• _AIM OF THE EXERCISE_
No pictures should be carried over. Output all other parts of the entries verbatim.

=== Begin Enclosure ===

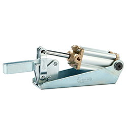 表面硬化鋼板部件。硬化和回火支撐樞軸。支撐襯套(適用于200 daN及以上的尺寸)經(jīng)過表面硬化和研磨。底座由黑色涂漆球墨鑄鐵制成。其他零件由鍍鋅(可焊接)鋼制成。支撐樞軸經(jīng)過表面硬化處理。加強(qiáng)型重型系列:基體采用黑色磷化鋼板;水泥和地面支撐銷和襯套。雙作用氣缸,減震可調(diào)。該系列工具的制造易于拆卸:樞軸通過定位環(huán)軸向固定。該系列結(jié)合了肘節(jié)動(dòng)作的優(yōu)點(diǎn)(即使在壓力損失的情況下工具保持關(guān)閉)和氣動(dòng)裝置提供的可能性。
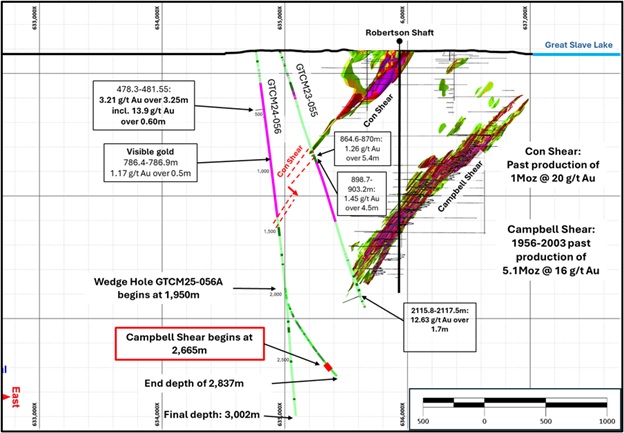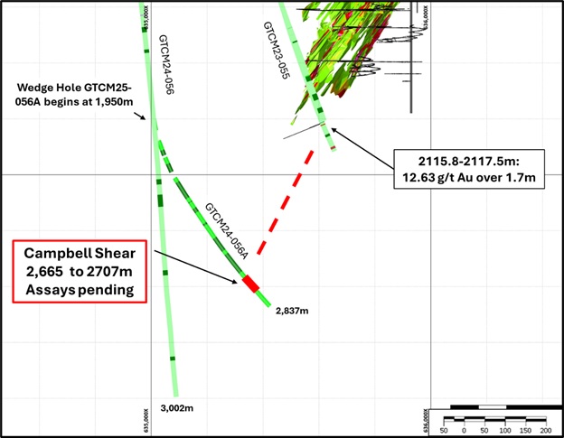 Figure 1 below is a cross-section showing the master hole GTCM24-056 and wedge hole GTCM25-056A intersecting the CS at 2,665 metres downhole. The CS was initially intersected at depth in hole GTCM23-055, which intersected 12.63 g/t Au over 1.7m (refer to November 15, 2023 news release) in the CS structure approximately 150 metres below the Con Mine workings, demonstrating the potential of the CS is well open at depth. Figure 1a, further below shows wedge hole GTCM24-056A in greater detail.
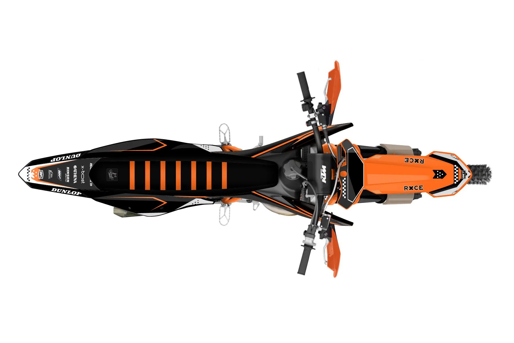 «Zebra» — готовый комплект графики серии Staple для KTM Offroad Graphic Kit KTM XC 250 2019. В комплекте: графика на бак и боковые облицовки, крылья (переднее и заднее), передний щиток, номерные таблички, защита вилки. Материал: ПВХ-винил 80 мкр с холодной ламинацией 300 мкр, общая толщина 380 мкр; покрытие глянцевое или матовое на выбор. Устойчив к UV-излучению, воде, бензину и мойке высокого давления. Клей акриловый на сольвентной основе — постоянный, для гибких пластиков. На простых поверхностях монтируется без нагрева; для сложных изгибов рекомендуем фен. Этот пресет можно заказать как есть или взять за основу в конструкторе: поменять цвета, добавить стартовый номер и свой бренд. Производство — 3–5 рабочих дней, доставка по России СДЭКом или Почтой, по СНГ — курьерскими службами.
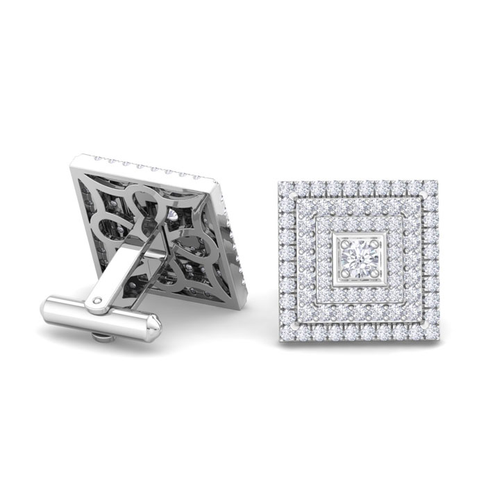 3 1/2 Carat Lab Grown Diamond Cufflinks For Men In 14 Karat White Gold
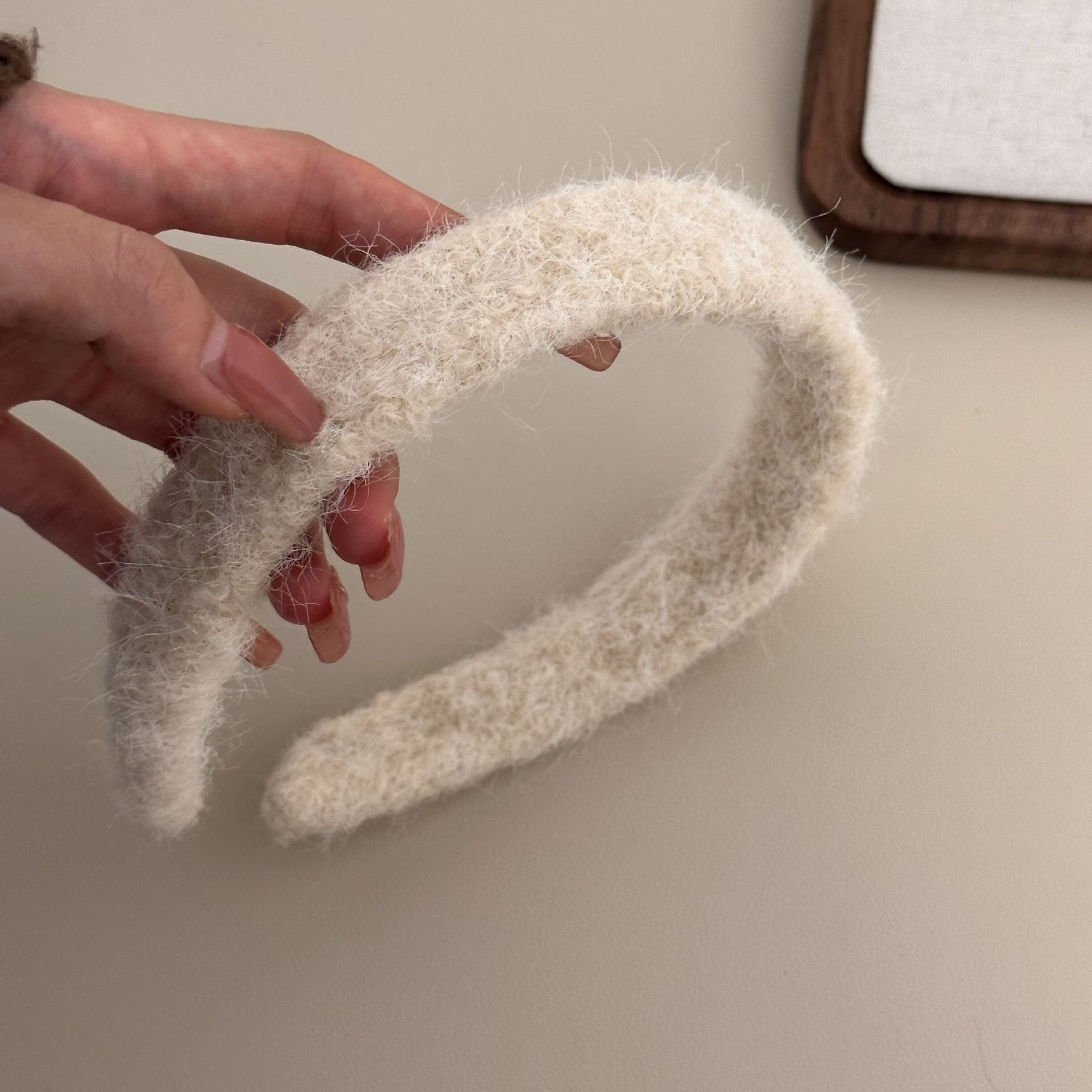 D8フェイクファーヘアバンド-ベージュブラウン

=== End Enclosure ===

• _RESPONSE FOR THIS EXERCISE_
 表面硬化鋼板部件。硬化和回火支撐樞軸。支撐襯套(適用于200 daN及以上的尺寸)經(jīng)過表面硬化和研磨。底座由黑色涂漆球墨鑄鐵制成。其他零件由鍍鋅(可焊接)鋼制成。支撐樞軸經(jīng)過表面硬化處理。加強(qiáng)型重型系列:基體采用黑色磷化鋼板;水泥和地面支撐銷和襯套。雙作用氣缸,減震可調(diào)。該系列工具的制造易于拆卸:樞軸通過定位環(huán)軸向固定。該系列結(jié)合了肘節(jié)動(dòng)作的優(yōu)點(diǎn)(即使在壓力損失的情況下工具保持關(guān)閉)和氣動(dòng)裝置提供的可能性。
 Figure 1 below is a cross-section showing the master hole GTCM24-056 and wedge hole GTCM25-056A intersecting the CS at 2,665 metres downhole. The CS was initially intersected at depth in hole GTCM23-055, which intersected 12.63 g/t Au over 1.7m (refer to November 15, 2023 news release) in the CS structure approximately 150 metres below the Con Mine workings, demonstrating the potential of the CS is well open at depth. Figure 1a, further below shows wedge hole GTCM24-056A in greater detail.
 «Zebra» — готовый комплект графики серии Staple для KTM Offroad Graphic Kit KTM XC 250 2019. В комплекте: графика на бак и боковые облицовки, крылья (переднее и заднее), передний щиток, номерные таблички, защита вилки. Материал: ПВХ-винил 80 мкр с холодной ламинацией 300 мкр, общая толщина 380 мкр; покрытие глянцевое или матовое на выбор. Устойчив к UV-излучению, воде, бензину и мойке высокого давления. Клей акриловый на сольвентной основе — постоянный, для гибких пластиков. На простых поверхностях монтируется без нагрева; для сложных изгибов рекомендуем фен. Этот пресет можно заказать как есть или взять за основу в конструкторе: поменять цвета, добавить стартовый номер и свой бренд. Производство — 3–5 рабочих дней, доставка по России СДЭКом или Почтой, по СНГ — курьерскими службами.
 3 1/2 Carat Lab Grown Diamond Cufflinks For Men In 14 Karat White Gold
 D8フェイクファーヘアバンド-ベージュブラウン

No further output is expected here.